Brad Pitts Streit zerstörte den Terrorismus-Thriller auf Netflix
Ein Film mit großer Besetzung, aber fragwürdiger Umsetzung
Der Film „Vertrauter Feind“ ist der letzte Streifen des 1998 verstorbenen Regisseurs Alan J. Pakula. Er versprach viel: eine spannende Prämisse, einen erfahrenen Regisseur und zwei große Stars vor der Kamera – Brad Pitt und Harrison Ford. Trotz dieser Voraussetzungen hat der Thriller nicht alle Erwartungen erfüllt. In diesem Artikel werden wir die Geschichte des Films sowie die Probleme hinter den Kulissen näher betrachten.
Die Handlung im Überblick
Frankie McGuire, gespielt von Brad Pitt, ist ein IRA-Attentäter, der nach einem Anschlag in Belfast entkommen kann. Um unterzutauchen, reist er als Rory Devaney nach New York City. Dort findet er Unterschlupf bei der Familie des irischstämmigen Polizisten Tom O’Meara (Harrison Ford), der seinem Freund einen Gefallen tut. Niemand ahnt, dass Frankie in Wirklichkeit ein Terrorist ist. Während er seine Aktivitäten fortsetzt, geraten auch die O’Mearas in einen tödlichen Konflikt.
Egos und Dreharbeiten im Chaos
Das Originalskript für „Vertrauter Feind“ wurde bereits Ende der 1980er Jahre geschrieben. Brad Pitt war begeistert von der Rolle und stimmte zu. Als er später berühmter wurde, konnten die Produzenten schließlich das Projekt realisieren. Doch es fehlte noch der Gegenspieler für Pitt.
Harrison Ford sollte die Rolle spielen, doch er hatte eigene Bedingungen. Er verlangte eine Gage von 20 Millionen Dollar, was fast doppelt so viel war wie Pitts Gehalt. Zudem wollte er das Drehbuch umschreiben, da er sich in seiner Rolle nicht ausreichend gefordert fühlte. Das Skript wurde entsprechend geändert, wodurch Pitt die Geschichte kaum noch wiedererkannte. Er wollte sogar aus dem Projekt aussteigen, blieb jedoch aufgrund von drohenden Klagen am Set.
Spannung zwischen den Stars
Die Dreharbeiten wurden von einer eisigen Stimmung geprägt.
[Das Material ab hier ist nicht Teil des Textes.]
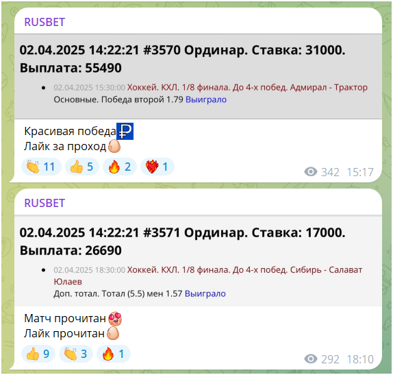 Rusbet – это один из аналитических каналов в ТГ, создателем и администратором которого является капер Рустам Жамальдинов. Зачастую в ленте он размещает пари на события по хоккею КХЛ, МХЛ и NHL. Подписчикам обещает невероятно большую прибыль в ставках на спорт.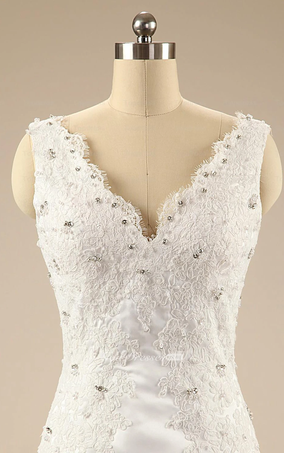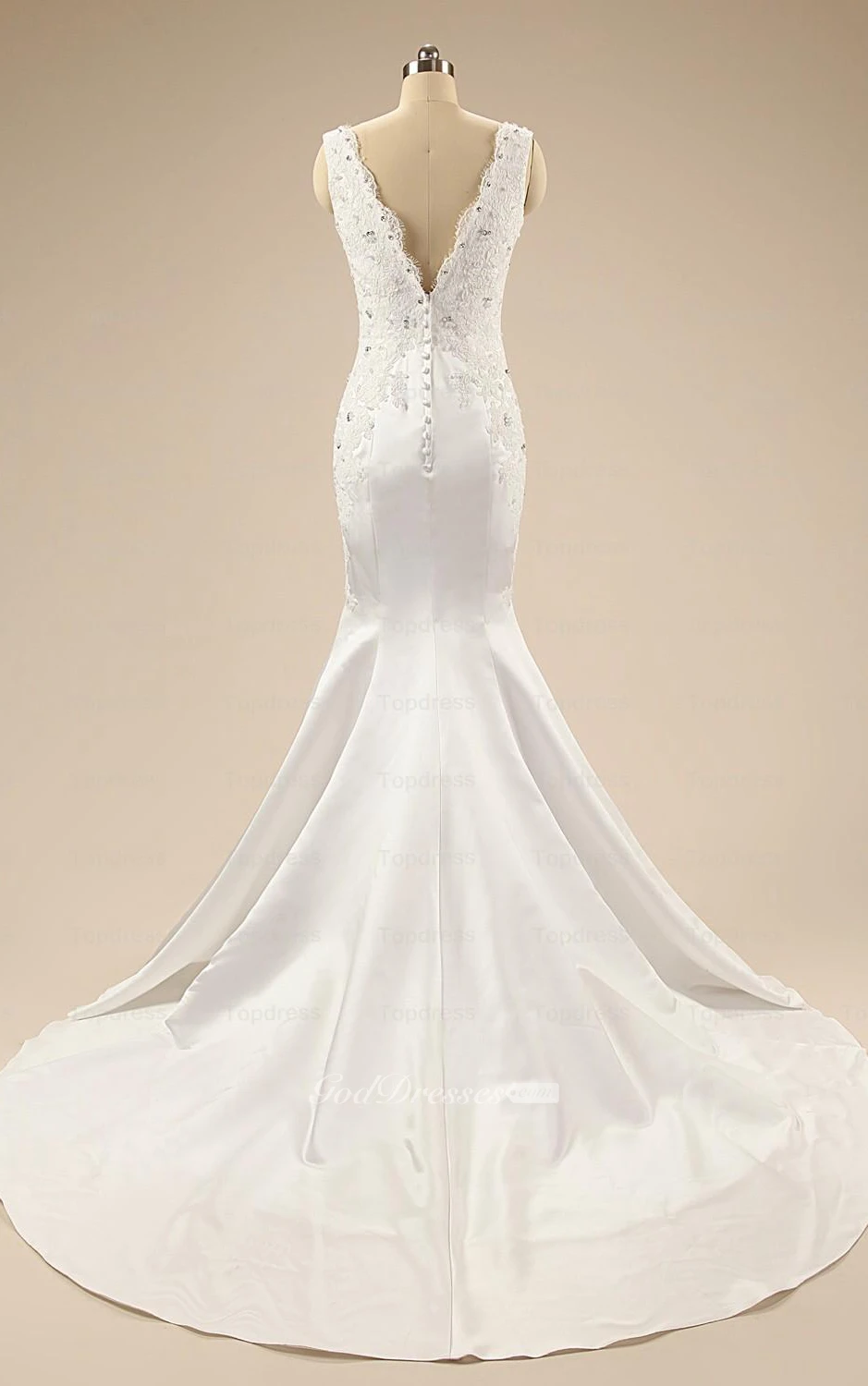 Mermaid Long V-Neck Beading Backless Lace Satin Dress

Brad Pitt und Harrison Ford standen nicht gut miteinander, was sich auch auf ihre Darstellung auswirkte. Die Performance von Pitt war weniger überzeugend, was man ihm wohl nicht übelnehmen kann. Doch selbst diese Probleme sind nicht die einzigen, die den Film beeinträchtigen.
Kritik an der Umsetzung
Laut Bewertungen ist „Vertrauter Feind“ ein Beispiel für Oberflächlichkeit. Der Film erklärt die Hintergründe des Nordirland-Konflikts kaum, sondern reduziert die Handlung auf eine simple Rache-Story. Die Figuren wirken oft unglaubwürdig, insbesondere die Rolle von Harrison Ford. Zudem wird die Moral des Films als fragwürdig bezeichnet. Die Morde, die von Pitts Charakter begangen werden, werden nicht kritisch betrachtet, sondern sogar gefeiert.
Ein Film mit Potenzial, aber nicht vollständig umgesetzt
Obwohl „Vertrauter Feind“ eine starke Besetzung und ein interessantes Konzept bietet, bleibt die Umsetzung hinter den Erwartungen zurück. Die Probleme hinter den Kulissen und die oberflächliche Darstellung der Themen trüben den Gesamteindruck. Wer auf Spannung und Tiefe steht, wird möglicherweise enttäuscht sein. Dennoch lohnt es sich, den Film zu sehen, um die verschiedenen Facetten des Projekts zu erkennen.